BUSINESS CONTINUITY AND DISATER RECOVERY

INTRODUCTION

Business continuity is the capability of an enterprise to stay online and deliver products and services during disruptive events, such as natural disasters, cyberattacks and communication failures. The core of this concept is the Business Continuity Plan (BCP), which is a defined strategy that includes every facet of an organization’s operation and details procedures for maintaining business availability. A Disaster Recovery Plan (DRP) is an essential part of a BCP, which applies to the aspects of an organization that depend on a functioning information technology (IT) infrastructure. A DRP aims to help an organization resolve data loss and recover system functionality so that it can perform in the aftermath of an incident, even if it operates at a minimal level.

DEFINITIONS

The following definitions are utilized throughout the Business Continuity and Disaster Recovery Plan (collectively referred to as BCDRP):

• Disaster: Any event that is significant enough to crucially disrupt or completely stop critical business operations for a potentially extended duration. Types of disasters may include:

  • Natural disasters, such as hurricanes, tornadoes, floods, etc.

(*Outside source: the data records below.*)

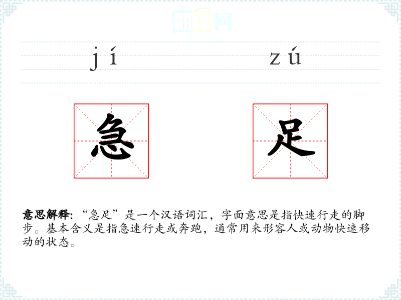 “急足”是一个汉语词汇,字面意思是指快速行走的脚步。基本含义是指急速行走或奔跑,通常用来形容人或动物快速移动的状态。
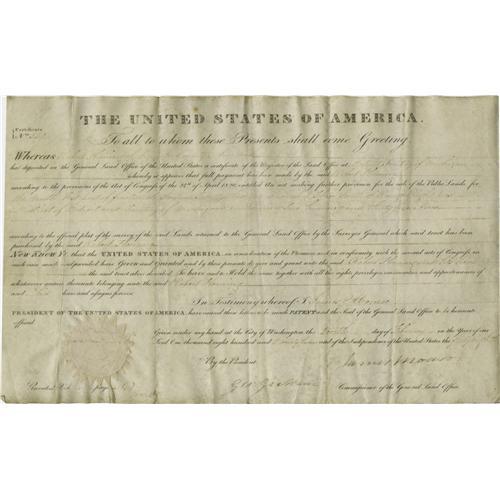 <B>James Monroe Document Signed,</B></I> "<I>James Monroe</B></I>". One page, partially printed vellum land grant, 15.25" x 9.5", Washington D.C., February 10, 1824. This grant awards 235 acres in "<I>Detroit, Territory of Michigan</B></I>" to Robert Flemming of New York. The inscriptions are somewhat faded, however Monroe's signature is large and quite legible. Fine condition.
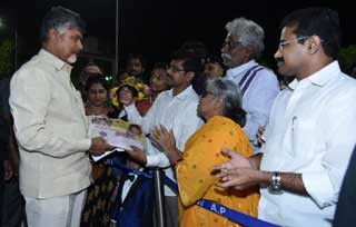 రాజధాని అమరావతి నిర్మాణానికి ఓ అంధురాలు రూ.లక్ష విరాళాన్ని సీఎం చంద్రబాబుకు అందజేసింది. గుంటూరు జిల్లా తుళ్లూరు మండలం రాయపూడికి చెందిన గూడూరు నాగేంద్రమ్మ తనకు గ్రామంలో ఉన్న నాలుగెకరాల భూమిపై వచ్చిన ఆదాయాన్ని రాజధాని నిర్మాణానికి అందజేసింది. ఆమె గురువారం ఉండవల్లి ప్రజావేదికలో సీఎం చంద్రబాబును కలిసింది. రాజధాని నిర్మాణానికి కేంద్రప్రభుత్వం అనుసరిస్తున్న వైఖరి తనను చాలా బాధించిందని, రాజధానికి తన వంతు సహాయం చేయాలన్న ఉద్దేశంతో రూ.లక్ష ఇస్తున్నట్లు ఆమె తెలిపింది.
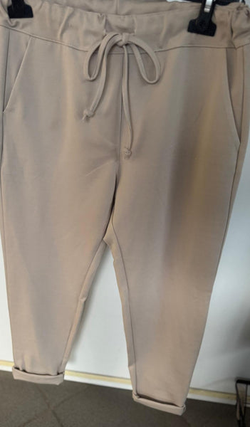 Unsere bequeme Basic-Jogpants ist der perfekte Allrounder nicht nur für entspannte Tage! Ausgestattet mit zwei praktischen Eingrifftaschen, einem elastischen Bund und einem Zugband zum Binden, bietet sie optimalen Komfort und Passform. Der Schnitt ist am Bein oben etwas weiter und verläuft nach unten hin schmaler, was für einen modernen, sportlichen Look sorgt. Dank des elastischen Materials passt sich die Jogpants perfekt an und bleibt immer in Form – ideal für Freizeit, Homewear oder für chic. Ein Must-Have für alle, die Komfort und Stil kombinieren möchten

  • Cyber-attacks such as distributed denial of service

  • System failure

  • Pandemics, such as COVID

  • Any loss of utility service (power, water)

  • Terrorist attacks

• Threat Analysis: The identification of potential disruptions, along with potential damage they can cause to affected resources. Examples include but are not limited to power outages, employee illness, cyber-attacks, vendor error, natural disasters, and global pandemics.

• Recovery Time Objective (RTO): The acceptable downtime for critical functions and components, i.e., the maximum time it should take to restore services.

• Recovery Point Objective (RPO): The point in which the state of operations must be restored following a disruption.

• Disaster Recovery Team: A group of individuals who are tasked with developing, documenting, and executing processes and procedures for an organization's data recovery, business continuity, and IT infrastructure in the event of a disaster or failure.

• Business Resumption Plan: A plan to resume business operations including logistics and steps to minimize risks.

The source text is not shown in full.